Source your .bash_profile to update your environment with the changes.
source ~/.bash_profile
Create your .hadoop-ec2 config directory in your home directory:
mkdir .hadoop-ec2
Create a file called ec2-clusters.cfg in your .hadoop-ec2 directory with the following contents:
[my-hadoop-cluster] ami=ami-6159bf08 instance_type=c1.medium key_name=[your EC2 key name] availability_zone=us-east-1b private_key=/path/to/keypair.pem ssh_options=-i %(private_key)s -o StrictHostKeyChecking=no
You could have multiple blocks for each of your clusters defined in this file. We just created on block for a cluster named my-hadoop-cluster.

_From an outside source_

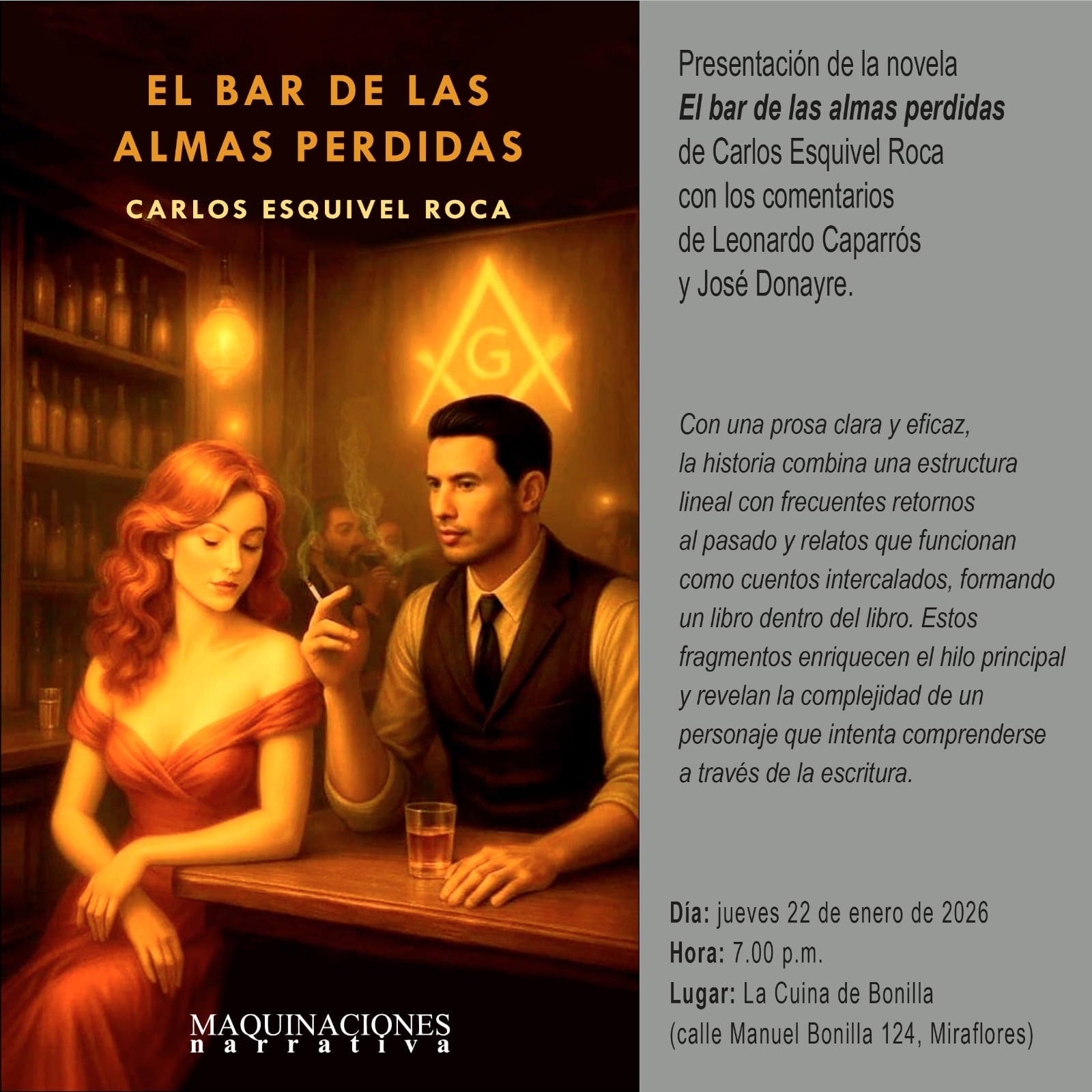 El escritor peruano Carlos Esquivel Roca publica su más reciente novela El bar de las almas perdidas, un relato marcado por giros narrativos, viajes y encuentros en escenarios donde el peligro y la revelación parecen latir de manera constante.

Test that the Cloudera client scripts are working:
hadoop-ec2 list
If everything is configured properly up to this point, you should get output that says:
No running clusters
Launch your cluster (in this case with a master and one slave node):
hadoop-ec2 launch-cluster my-hadoop-cluster 1
Set up a proxy to the cluster:
hadoop-ec2 proxy my-hadoop-cluster
Setting Up Pig
The version of Pig that is a part of the Cloudera apt repositories was a little out of date for me so I decided to install a more updated version manually. The version of Hadoop that runs on the cluster is 0.18.3 and the latest version of Pig that is compatible with that Hadoop version is 0.4.0. You can download it from here:
wget http://apache.cs.utah.edu/hadoop/pig/pig-0.4.0/pig-0.4.0.tar.gz
If the link above doesn’t work, then try any of the mirrors for Pig listed on this page:
http://www.apache.org/dyn/closer.cgi/hadoop/pig
Extract the contents of the archive to /opt/pig. Again, you could put it anywhere you desire.
Add the following to your .bash_profile:
export HADOOP_CONF_DIR=~/.hadoop-ec2/my-hadoop-cluster export HADOOP_HOME=/usr/lib/hadoop export JAVA_HOME=/usr/lib/jvm/java-6-sun export PIG_CLASSPATH=/opt/pig/pig-0.4.0-core.jar:$HADOOP_CONF_DIR export PIG_HADOOP_VERSION=0.18.3
The HADOOP_CONF_DIR environment variable should point to the location of your cluster’s hadoop-site.xml file. If you are going to be running multiple clusters, you may want to create some shell scripts that set the appropriate environment variables for each cluster before running any commands like Pig, which depend on those values.
Don’t forget to add the path to the Pig bin directory to your path as well:
export PATH=$PATH:/opt/cloudera:/opt/pig/bin
Source your .bash_profile to update your environment with the changes and then run the pig command:
pig
It should launch Pig in mapreduce mode by default. In this mode, the grunt shell will be connected to your EC2 Hadoop cluster vs. your local Hadoop installation. You should see something like the following:
2009-11-07 15:02:15,930 [main] INFO org.apache.pig.backend.hadoop.executionengine.HExecutionEngine - Connecting to hadoop file system at: hdfs://ec2-xx-xxx-xx-xx.compute-1.amazonaws.com:8020/ 2009-11-07 15:02:16,653 [main] INFO org.apache.pig.backend.hadoop.executionengine.HExecutionEngine - Connecting to map-reduce job tracker at: ec2-xx-xxx-xx-xx.compute-1.amazonaws.com:8021
Congratulations, you now have a fully functioning Hadoop cluster running on EC2 with Pig ready to do your bidding.